TAXATION 1 l INCOME TAX CASE DIGEST MARQUEZ, CAMILLE ANNE D. 3-B

PASEO REALTY AND DEVELOPMENT CORP. vs. CA


FACTS:
Petitioner filed a its Income Tax Return (ITR) for the calendar year 1989. He later filed with respondent
CTA for a refund of excess creditable taxes withholding (CTW) and income taxes for the years 1989 and
1990 in the aggregate amount of 147, 036.15.

Respondent Commissioner (CIR) filed an Answer stating some defenses. The Court rendered decision in
favor of the petitioner. However, CIR filed a Motion for Reconsideration (MFR) alleging that the amount
sought to be refunded “has already been included in the 172, 447 which the petitioner applied as tax
credit for the succeeding taxable year 1990.
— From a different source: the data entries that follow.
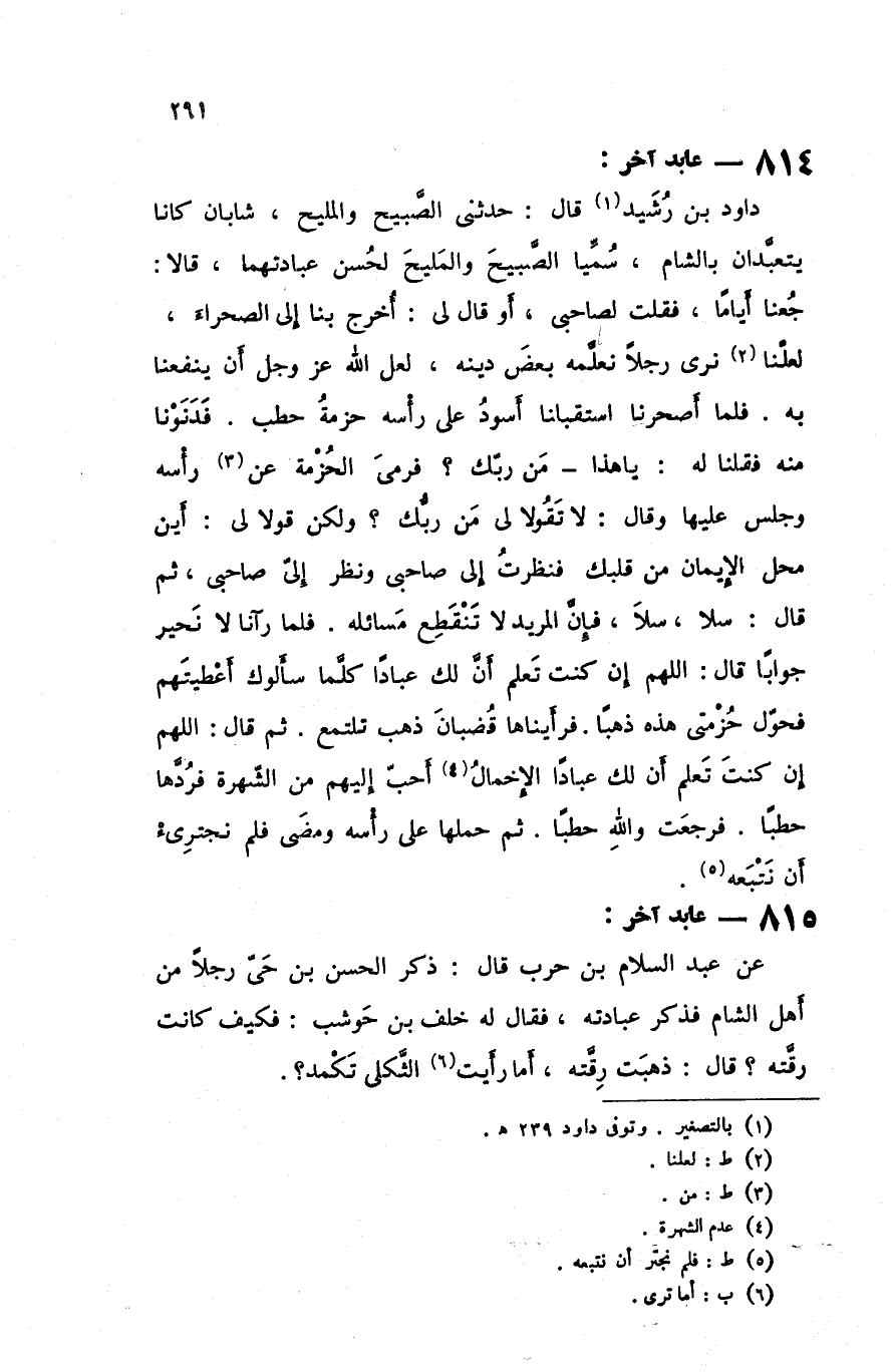 داود بن رشيد قال حدثني الصبيح والمليح شابان كانا يتعبدان بالشام سميا الصبيح والميلح لحسن عبادتهما قالا جعنا أياما فقلت لصاحبي أو قال لي أخرج بنا إلى الصحراء لعلنا نرى رجلا نعلمه بعض دينه لعل الله عزوجل أن ينفعنا به فلما أصحرنا استقبلنا أسود على رأسه حزمة حطب فدنونا منه فقلنا له ياهذا من ربك فرمى الحزمة عن رأسه و جلس عليها و قال لا تقولا لي من ربك و لكن قولا لي أين محل الإيمان من قلبك فنظرت إلى صاحبي ونظر إلي صاحبي ثم قال سلا سلا فإن المريد لا تنقطع مسائله فلما رآنا لا نحير جوابا قال اللهم إن كنت تعلم أن لك عبادا كلما سألوك أعطيتهم فحول حزمتي هذه ذهبا فرأيناها قضبان ذهب تلتمع ثم قال اللهم إن كنت تعلم أن لك عبادا الإخمال أحب إليهم من الشهرة فردها حطبا فرجعت والله حطبا ثم حملها على رأسه ومضى فلم نجترئ أن نتبعه
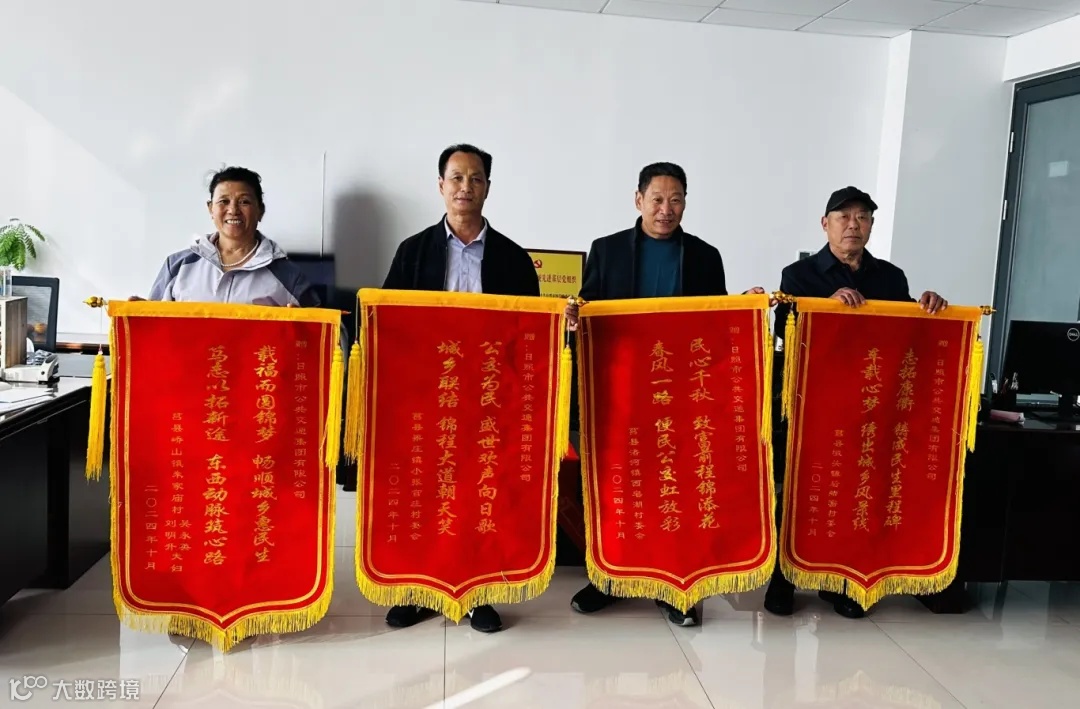 “C211路因修路停运期间,我从朱家庙子倒车到日照得一半天;线路恢复以后,用不了两个小时就能直达。感谢公交集团,为我们老百姓提供了这么便利的出行条件。”10月31日9时许,热心乘客刘明升等一行四人来到菏泽路公交调度中心,将饱含肯定与赞扬的四面锦旗交到公交集团工作人员手中。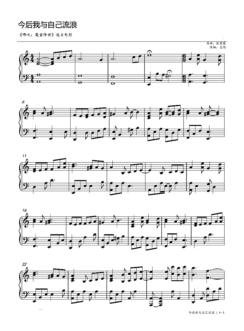 钢琴《哪吒之魔童降世》的片尾曲 张碧晨演唱歌曲《今后我与自己流浪》钢琴谱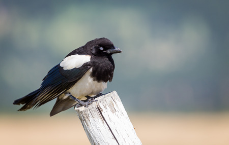 Eurasian Magpie or Common Magpie (Pica pica) on a fence post. Gelderland in the Netherlands. Bokeh background.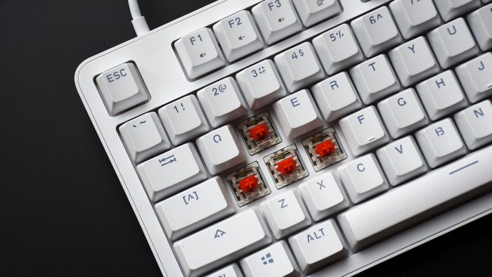 在日常使用中,直接评价一款键盘好坏的两个因素自然是键帽和轴体。在前面的外观部分也有提到过,MT710采用的是注塑工艺的键帽,表面为细微的磨砂质感,初上手的感觉还不错,触感与我一直在用的一款千元价位的键盘差别不大。至于长时间使用是否会出现打油的现象现在还无法得知。

Upon the respondent Court (RC) dismissed the petition, the petitioner filed MFR which was denied by
the RC. Thus, petitioner filed a petition for Review before the CA. The appellate court held that petitioner
is not entitled to a refund because it appears that the latter did not specify the amount to be refunded
and the amount to be applied as tax credit to the succeeding taxable year, but only marked an “X” to the
box indicating “to be applied as tax credit to the succeeding taxable year” when the latter filed its income
tax return for the year 1989.

The Office of the Solicitor General (OSG) filed a Comment that the claimed refund was to be applied
against its tax liability for 1990.

Petitioner filed a Reply that the issue is not whether the 54,104 was included as tax credit to be applied
against its 1990 income tax liability but whether the same amount was actually applied as tax credit for
1990.

The OSG filed a Rejoinder that petitioner’s 1989 tax return shows that the latter included 1988 excess
credit which had already been segregated for refund and specified that the full amount of Php 172,
479.00 be considered as its tax credit for 1990. The OSG further contended that the remaining tax credit
for 1989 should be the excess credit to be applied against its 1990 tax liability. Hence, petitioner ask for
a refund of its CTW in 1989 because it had been applied against its 1990 tax due.

ISSUE:

WON Petitioner should be refunded.

HELD:

No. The grant of refund is founded on the assumption that the tax return is valid. Without the tax return,
it is error to grant a refund since it would be impossible to determine whether the proper taxes have
been assessed and paid.

In this case, petitioner did not present evidence to prove that its claimed refund had already been
automatically credited against its 1990 tax liability. The burden of proof to establish the factual basis of
claim for tax credit or refund lies on the claimant. Tax refunds are construed strictly against the taxpayer.

Under the provision, the taxpayer is allowed three (3) options if the sum of its quarterly tax payments
made during the taxable year is not equal to the total tax due for that year:

 pay the balance of the tax still due;


 carry-over the excess credit; or
 be credited or refunded the amount period.